# How to wire PC fans to cool a light fixture?



## Burks (May 25, 2006)

I've finally got my shop light fixtures finished and have four extra PC fans just sitting around. With overdriving the fixtures I want a fan to blow on the bulbs and one on each ballast. Figured I'd mount them off the fixture to make removal easier. Pleanty of room in the canopy.
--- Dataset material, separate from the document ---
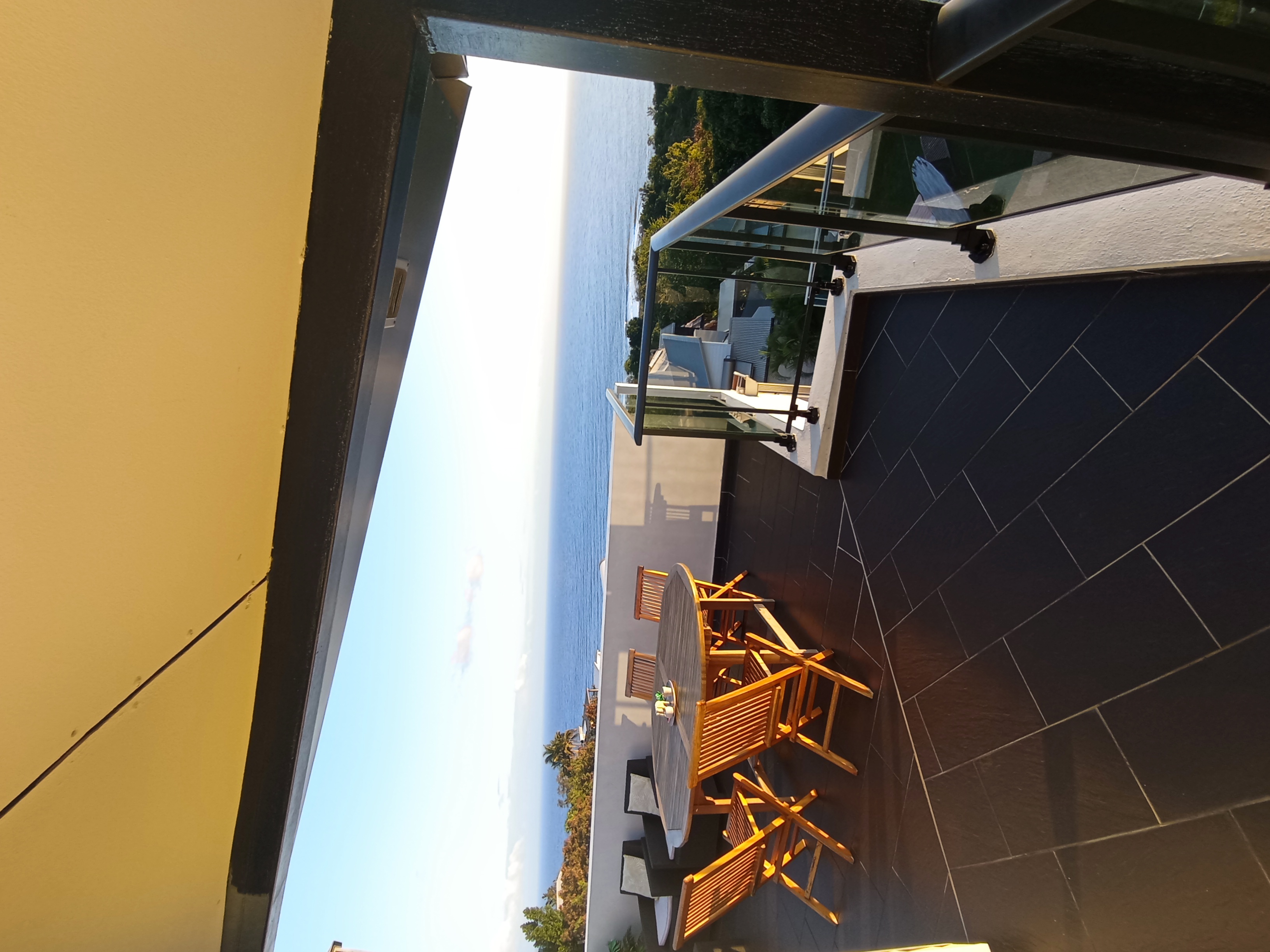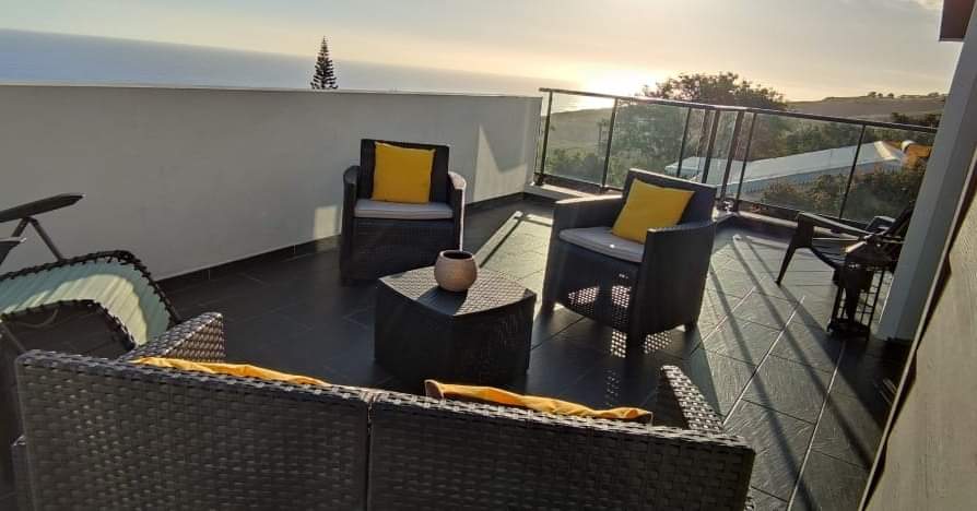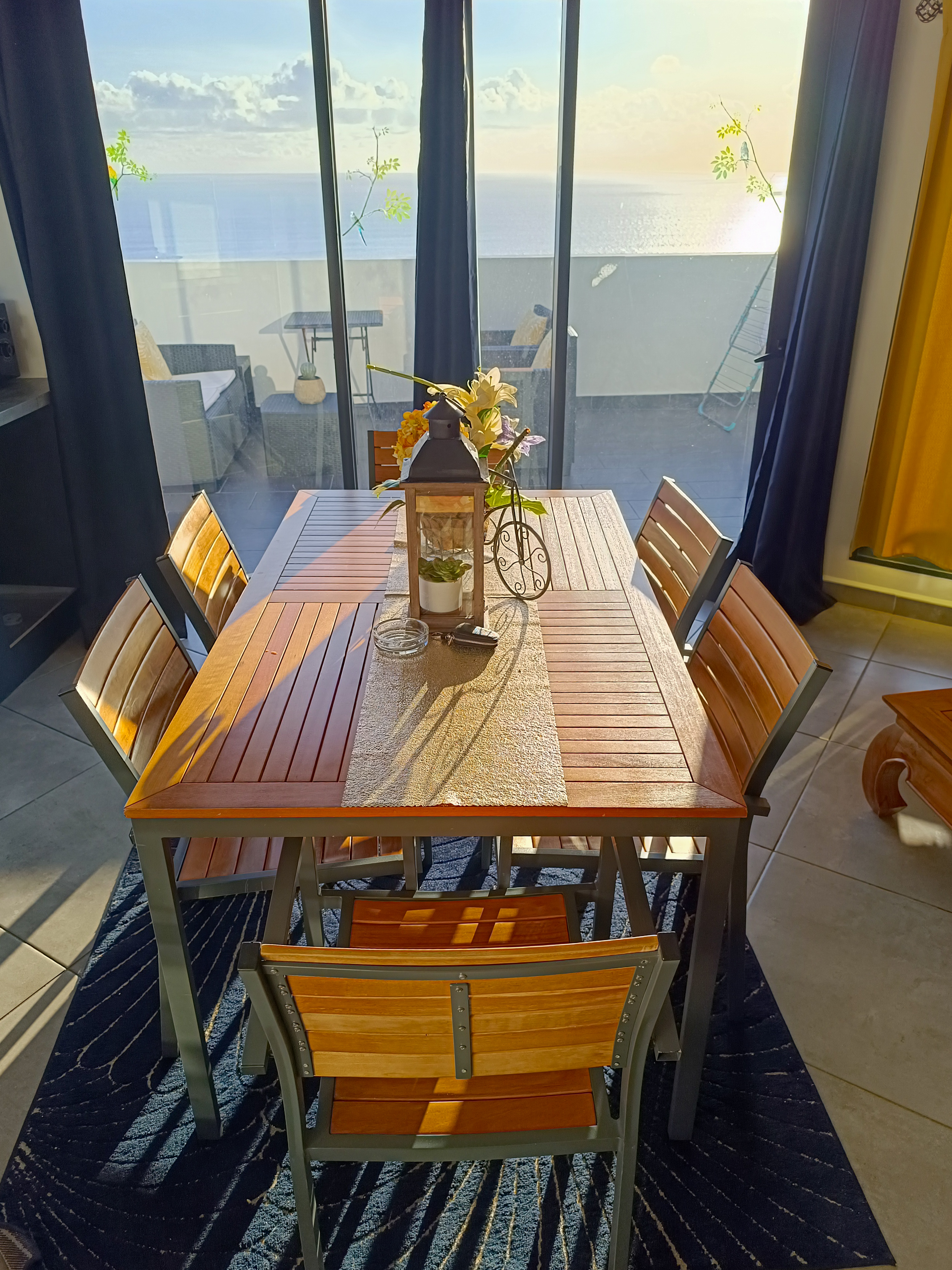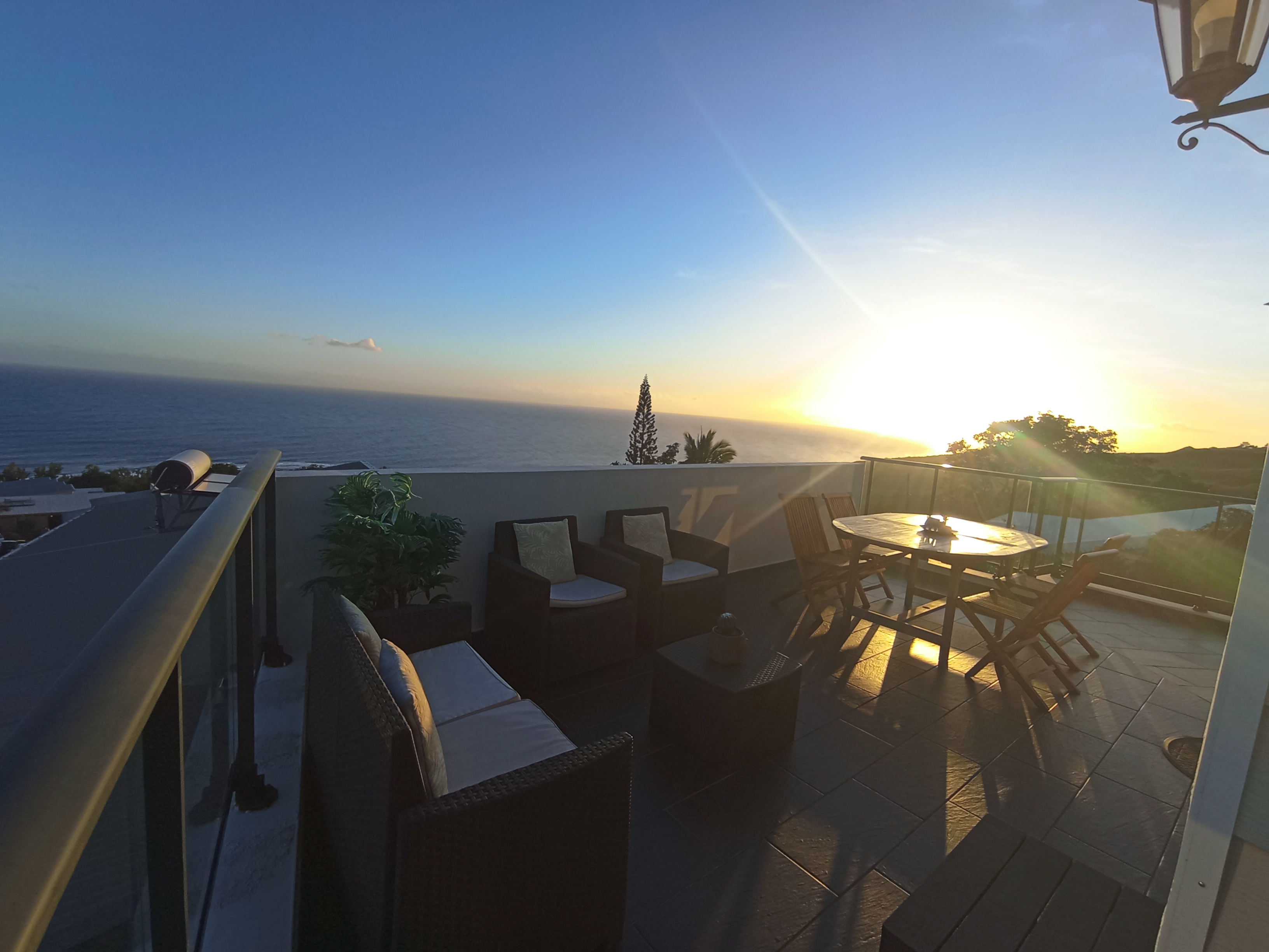 Coin terrasse extérieur, avec fauteuil et table idéal pour apprécier les magnifiques couchers du soleil

How would I go about wiring this up? Any helpful topics/websites/quotes? I've searched but came up empty handed.

Thank you all!


----------



## hoppycalif (Apr 7, 2005)

Those little fans are almost always 12 volt DC motors, so wiring them means connecting them to a 12 volt, preferably variable voltage, power supply. The fans will run clockwise with the wires hooked one way and if the wires are reversed they will run counterclockwise. That's about my total knowledge about them, and it has been sufficient to hook up a couple with no problems. The type of power supply needed is: RadioShack.com - Power & Batteries: Adapters: AC (Home) adapters: 3-12VDC/800mA Regulated AC-to-DC Adapter


----------



## JERP (Feb 4, 2003)

Hoppy has it right. Only thing I'd add is that the fan runs fastest at 12V, and you can slow it down by running it at less than 12V. It's an obvious distinction that is only important if the fan is too loud. Running a fan at half speed will make it much quieter, just like a house fan.


----------



## chiahead (Dec 18, 2004)

they do make a 120v pc fan. That would make it easier then you could just usse the same feed wires that turn your ballast on. that way it will run whenever the lamps are on. If not then you can buy voltage transformers that will convert 120v AC to 12v DC. Besides the ones mentioned that actually plug unto the wall, you can buy some that will go inside the hood and wire up to the cord wiring. Its rather easy and if you have questions just send me a pm.


----------



## DWIZUM (Jun 8, 2006)

I like the DC fans because you can vary the voltage to get different speeds, as already mentioned. This is nice if you've got more fan than you need, since you can just throw a 9v transformer on a 12v fan for instance.

Or to get even more advanced, put a termistor on it and walla, you have a temperature-controlled fan that will blow harder or softer depending on the temperature in your hood.


----------